CVE-2023-49297: 
Python vulnerability analysis and mitigation

PyDrive2, a wrapper library for google-api-python-client that simplifies Google Drive API V2 tasks, was found to contain a deserialization vulnerability (CVE-2023-49297) discovered in December 2023. The vulnerability affects versions up to and including 1.16.1, with the fix being released in version 1.16.2. This security issue involves unsafe YAML deserialization that could lead to arbitrary code execution (GitHub Advisory).

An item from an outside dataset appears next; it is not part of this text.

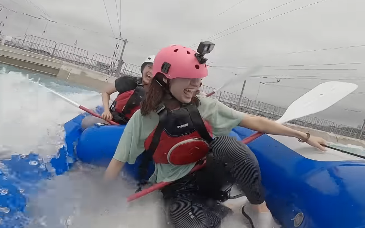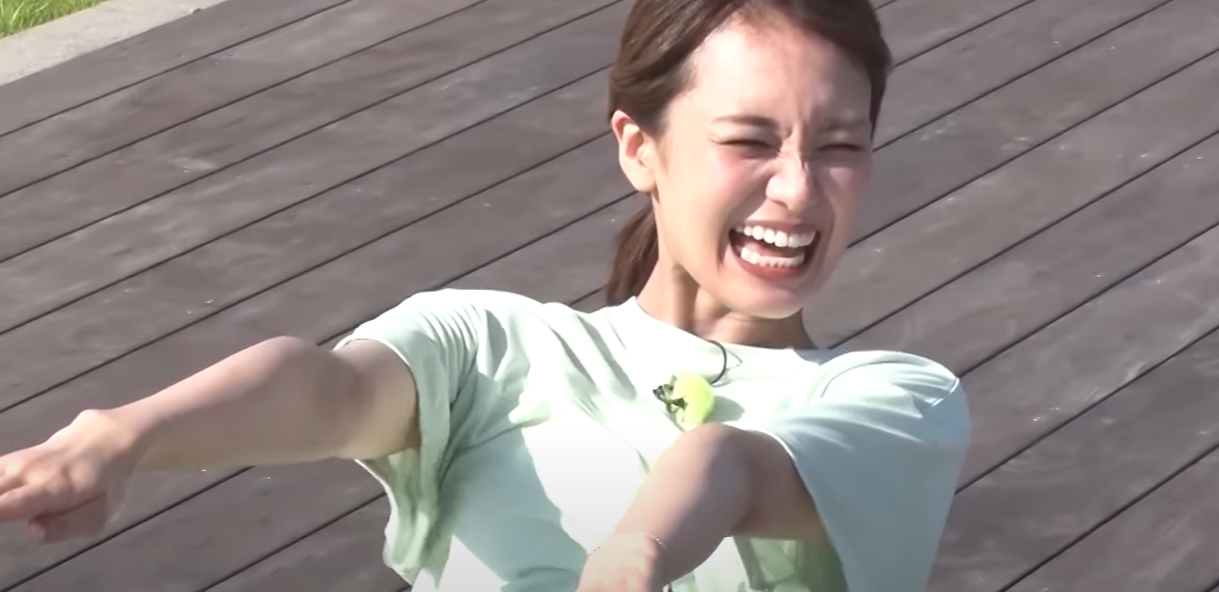 序盤で訪れた葛西臨海公園近くのカヌー・スラロームセンターでは、ウォーターボールに挑戦しました。透明のボールに入り水上で立とうとしたとき、バランスを崩し何度も転び大股開きを披露していたのです。さらに激流を下るラフティングにも挑戦していたのですが、押し寄せる波に耐え切れずボートの中で転倒を繰り返していたのです。ここではビショ濡れになりながらM字開脚をする井上が見られるという、歴史に残るサービス放送となりました。

The vulnerability stems from the use of unsafe YAML deserialization in the LoadSettingsFile function. The issue occurs because the library uses CLoader from the yaml library, which is considered unsafe as it allows execution of any Python code contained within the YAML file. The vulnerability is triggered when initializing GoogleAuth while a malicious yaml file is present in the same directory, or when such a file is loaded via LoadSettingsFile. The CVSS v3.1 base score is 7.8 HIGH, with vector string CVSS:3.1/AV:L/AC:L/PR:N/UI:R/S:U/C:H/I:H/A:H (GitHub Advisory, NVD).

The vulnerability allows attackers to execute arbitrary code through a maliciously crafted YAML file. What makes this vulnerability particularly concerning is that it doesn't require the file to be directly loaded through the code - merely having the malicious file present in the same directory as the PyDrive2 application is sufficient to trigger the vulnerability (GitHub Advisory).

The vulnerability has been patched in PyDrive2 version 1.16.2 by replacing the unsafe CLoader with CSafeLoader. Users are strongly advised to upgrade to version 1.16.2 or later. The fix was implemented in commit c57355dc. There are no known workarounds for this vulnerability other than upgrading to a patched version (GitHub Advisory, Fedora Update).